Prediction Task Evaluation
- Goal: maximize out-of-sample prediction accuracy
- Metrics: RMSE, MAE, AUC-ROC, F1
- Method: cross-validation + held-out test set
- Flexibility is a virtue if it improves predictions
- Examples: forecasting, targeting, classification
Causal Task Evaluation
- Goal: estimate a causal effect (ATE, CATE, ATT)
- Metrics: bias, coverage of confidence intervals, MSE of the treatment effect estimate
- Method: simulation studies, placebo tests, sensitivity analysis
- Interpretability and identification matter more than raw fit
- Examples: policy evaluation, treatment effects, DiD
The distinction above is fundamental. The entire model evaluation framework in this module — cross-validation, RMSE, AUC-ROC, hyperparameter tuning — is designed for prediction tasks. When the goal is causal inference, the evaluation criteria are different: you care about whether the estimated treatment effect is unbiased and whether the confidence intervals have correct coverage, not about whether the model predicts the outcome well. A model can be an excellent predictor but a terrible estimator of causal effects, and vice versa. See Module 11D (Causal ML) for evaluation strategies specific to causal tasks.
Common Pitfalls
1. Data Leakage
Data leakage occurs when information from the test set (or from the future, or from the outcome itself) sneaks into the training process. It is the most common and most dangerous mistake in applied ML. Examples include: normalizing features using the mean and standard deviation of the entire dataset (including test observations), using variables that are consequences of the outcome rather than predictors, or including the outcome variable as a feature through an indirect path. Leakage produces models that look spectacular during evaluation but fail completely in deployment. The fix: every preprocessing step (scaling, encoding, imputation) must be fit on the training set only and then applied to the test set.

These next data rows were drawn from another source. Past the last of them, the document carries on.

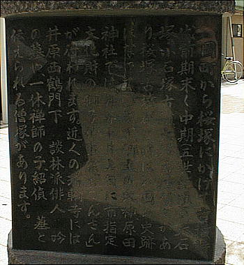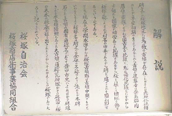 このあたりが、かって「桜塚古墳」と呼ばれた古墳の密集地だったことを示す碑。桜塚古墳群には、明治時代(明治7年)の絵図によ れば36基の古墳があった事が知られているが、今では見てきた「大石塚・小石塚」古墳の他に、「大塚」「御獅子塚」「南天平塚」 の計5基を残すのみである。しかし近年の発掘調査により多量の鉄製品をはじめとする副葬品が出土して、新たな注目を受けている。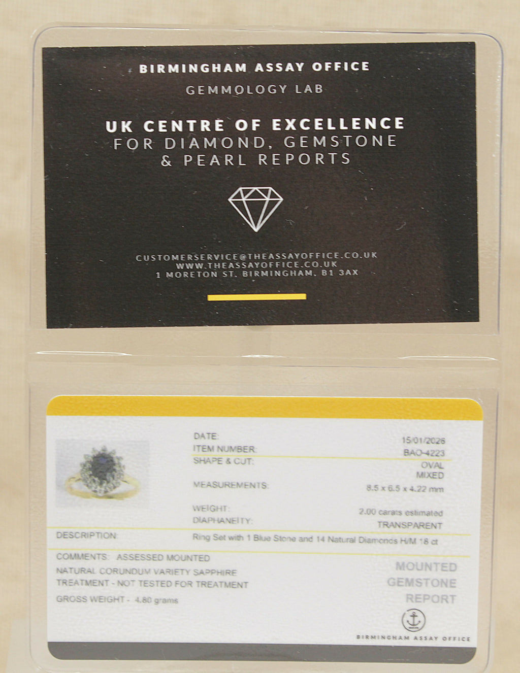 18ct Gold Sapphire & Diamond ‘Diana’ Ring, Certified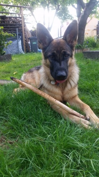 Młody, przyjazny owczarek niemiecki, reaguje na imię Costa.

2. Ignoring Temporal Structure
If your data has a time dimension — panel data, time series, event data — a random train-test split is invalid. It allows the model to "peek into the future," using observations from 2022 to predict outcomes in 2019. This produces an optimistic performance estimate that does not reflect real-world deployment, where only past data is available. Always use a temporal split: train on data from earlier periods and test on later periods. For cross-validation, use time-series CV (expanding or sliding window), not standard K-fold.

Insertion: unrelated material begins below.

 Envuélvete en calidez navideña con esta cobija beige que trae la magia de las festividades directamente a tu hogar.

3. Choosing the Wrong Metric
The choice of evaluation metric should reflect the costs of different types of errors in your application. Accuracy is almost always the wrong metric for imbalanced classification. RMSE penalizes large errors heavily, which may or may not be appropriate. MAPE is undefined for zero values. Using the wrong metric means optimizing for the wrong goal: you may select a model that is "best" according to a metric that does not align with the actual decision problem. Always ask: "What does a prediction error cost in this application?" and choose metrics accordingly.
References
- Hastie, T., Tibshirani, R., & Friedman, J. (2009). The Elements of Statistical Learning: Data Mining, Inference, and Prediction (2nd ed.). Springer. (Available free at hastie.su.domains/ElemStatLearn)

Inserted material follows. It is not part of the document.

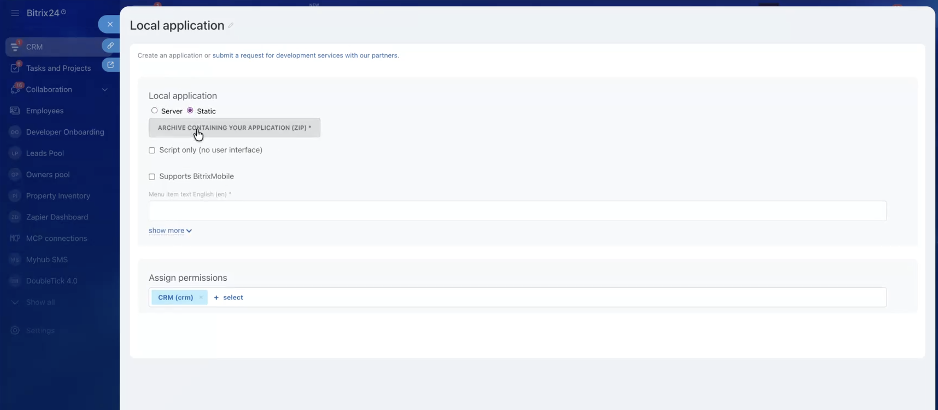 | Assign permissions | CRM (crm), Users (user), Application embedding (placement) |

- James, G., Witten, D., Hastie, T., & Tibshirani, R. (2013). An Introduction to Statistical Learning. Springer. (Available free at statlearning.com)
- Athey, S., & Imbens, G. W. (2019). Machine Learning Methods That Economists Should Know About. Annual Review of Economics, 11, 685-725.
- Bergstra, J., & Bengio, Y. (2012). Random Search for Hyper-Parameter Optimization. Journal of Machine Learning Research, 13, 281-305.
- Mullainathan, S., & Spiess, J. (2017). Machine Learning: An Applied Econometric Approach. Journal of Economic Perspectives, 31(2), 87-106.